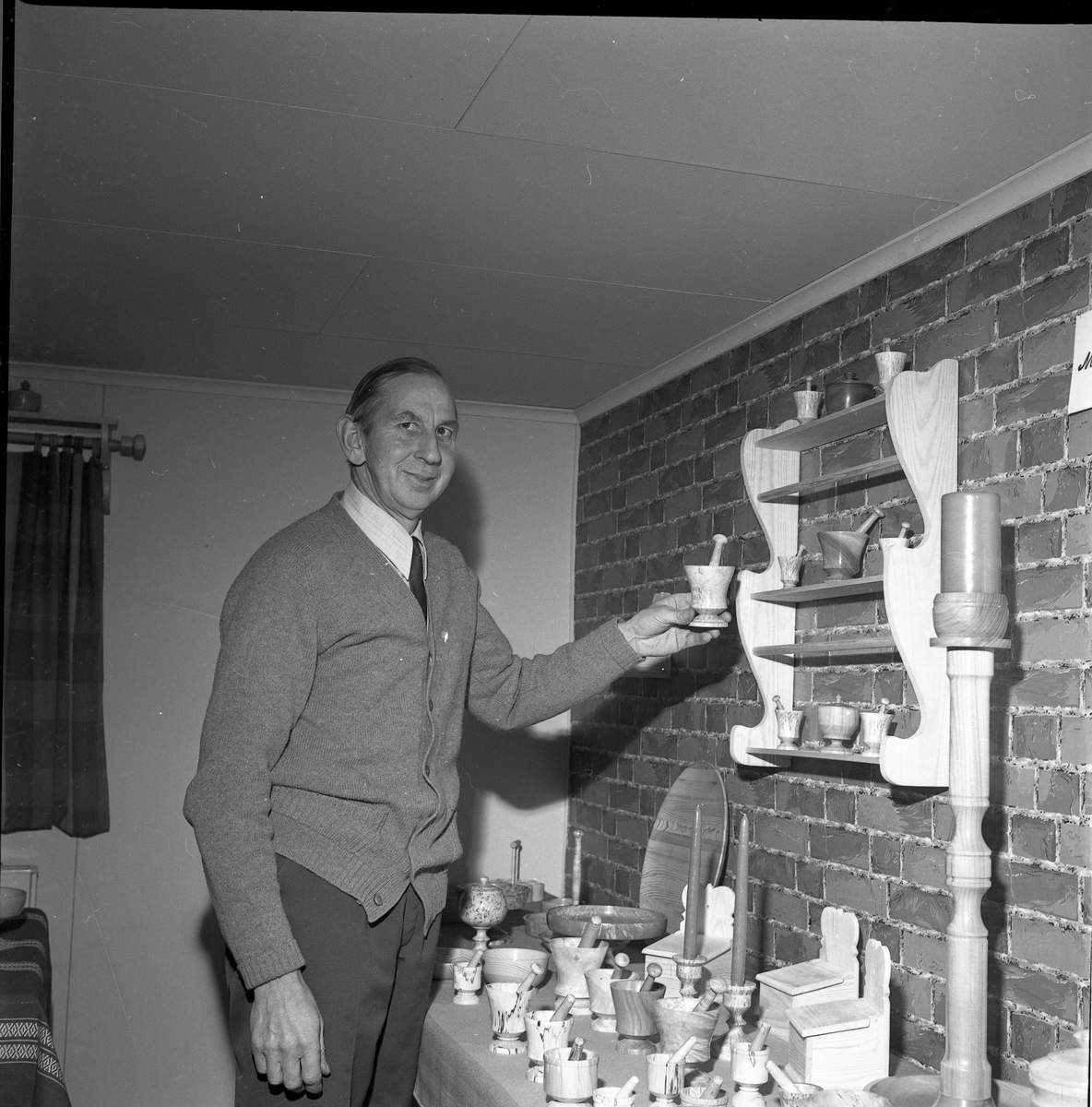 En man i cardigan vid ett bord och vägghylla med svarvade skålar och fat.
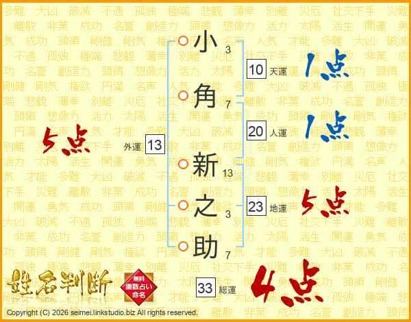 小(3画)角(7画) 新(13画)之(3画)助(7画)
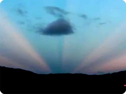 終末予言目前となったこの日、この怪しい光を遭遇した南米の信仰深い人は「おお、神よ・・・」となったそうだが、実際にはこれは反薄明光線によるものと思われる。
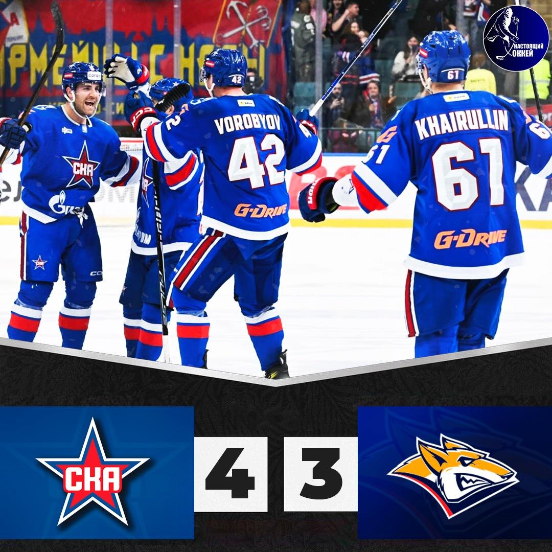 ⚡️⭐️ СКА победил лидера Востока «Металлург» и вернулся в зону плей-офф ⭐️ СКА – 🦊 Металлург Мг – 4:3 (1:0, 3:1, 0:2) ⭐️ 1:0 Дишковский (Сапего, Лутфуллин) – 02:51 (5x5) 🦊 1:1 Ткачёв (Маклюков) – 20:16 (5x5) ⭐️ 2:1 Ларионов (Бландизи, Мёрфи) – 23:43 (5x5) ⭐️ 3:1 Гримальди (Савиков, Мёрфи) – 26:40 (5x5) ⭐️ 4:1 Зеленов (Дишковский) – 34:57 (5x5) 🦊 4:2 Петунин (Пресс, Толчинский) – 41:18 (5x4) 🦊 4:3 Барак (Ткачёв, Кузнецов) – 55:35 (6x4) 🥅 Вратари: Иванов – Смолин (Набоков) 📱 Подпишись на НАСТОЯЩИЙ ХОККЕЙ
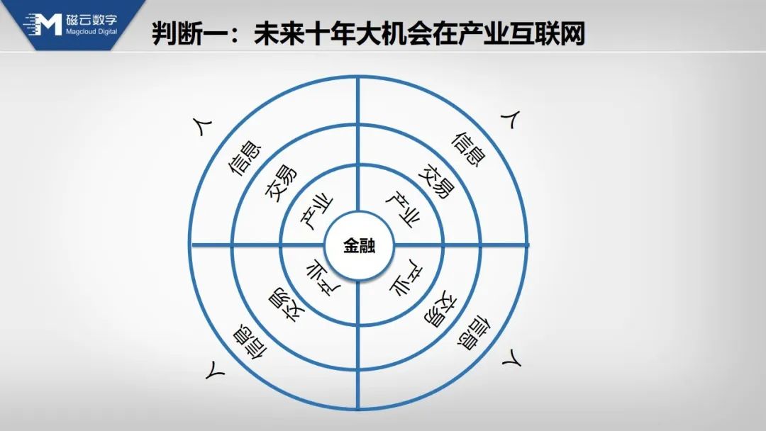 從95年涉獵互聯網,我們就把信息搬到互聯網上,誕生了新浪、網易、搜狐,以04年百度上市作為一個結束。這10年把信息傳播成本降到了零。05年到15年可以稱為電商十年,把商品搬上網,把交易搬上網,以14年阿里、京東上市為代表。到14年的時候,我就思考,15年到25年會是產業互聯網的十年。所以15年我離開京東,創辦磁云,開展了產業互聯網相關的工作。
┄┄┄┄┄┄┄┄┄┄┄┄┄┄┄┄┄┄┄┄
▶ [PROMPT]: Set the listing down in full and exactly. Pictures within it should not appear in the copy.

▶ [YOUR RESPONSE]:
 En man i cardigan vid ett bord och vägghylla med svarvade skålar och fat.
 小(3画)角(7画) 新(13画)之(3画)助(7画)
 終末予言目前となったこの日、この怪しい光を遭遇した南米の信仰深い人は「おお、神よ・・・」となったそうだが、実際にはこれは反薄明光線によるものと思われる。
 ⚡️⭐️ СКА победил лидера Востока «Металлург» и вернулся в зону плей-офф ⭐️ СКА – 🦊 Металлург Мг – 4:3 (1:0, 3:1, 0:2) ⭐️ 1:0 Дишковский (Сапего, Лутфуллин) – 02:51 (5x5) 🦊 1:1 Ткачёв (Маклюков) – 20:16 (5x5) ⭐️ 2:1 Ларионов (Бландизи, Мёрфи) – 23:43 (5x5) ⭐️ 3:1 Гримальди (Савиков, Мёрфи) – 26:40 (5x5) ⭐️ 4:1 Зеленов (Дишковский) – 34:57 (5x5) 🦊 4:2 Петунин (Пресс, Толчинский) – 41:18 (5x4) 🦊 4:3 Барак (Ткачёв, Кузнецов) – 55:35 (6x4) 🥅 Вратари: Иванов – Смолин (Набоков) 📱 Подпишись на НАСТОЯЩИЙ ХОККЕЙ
 從95年涉獵互聯網,我們就把信息搬到互聯網上,誕生了新浪、網易、搜狐,以04年百度上市作為一個結束。這10年把信息傳播成本降到了零。05年到15年可以稱為電商十年,把商品搬上網,把交易搬上網,以14年阿里、京東上市為代表。到14年的時候,我就思考,15年到25年會是產業互聯網的十年。所以15年我離開京東,創辦磁云,開展了產業互聯網相關的工作。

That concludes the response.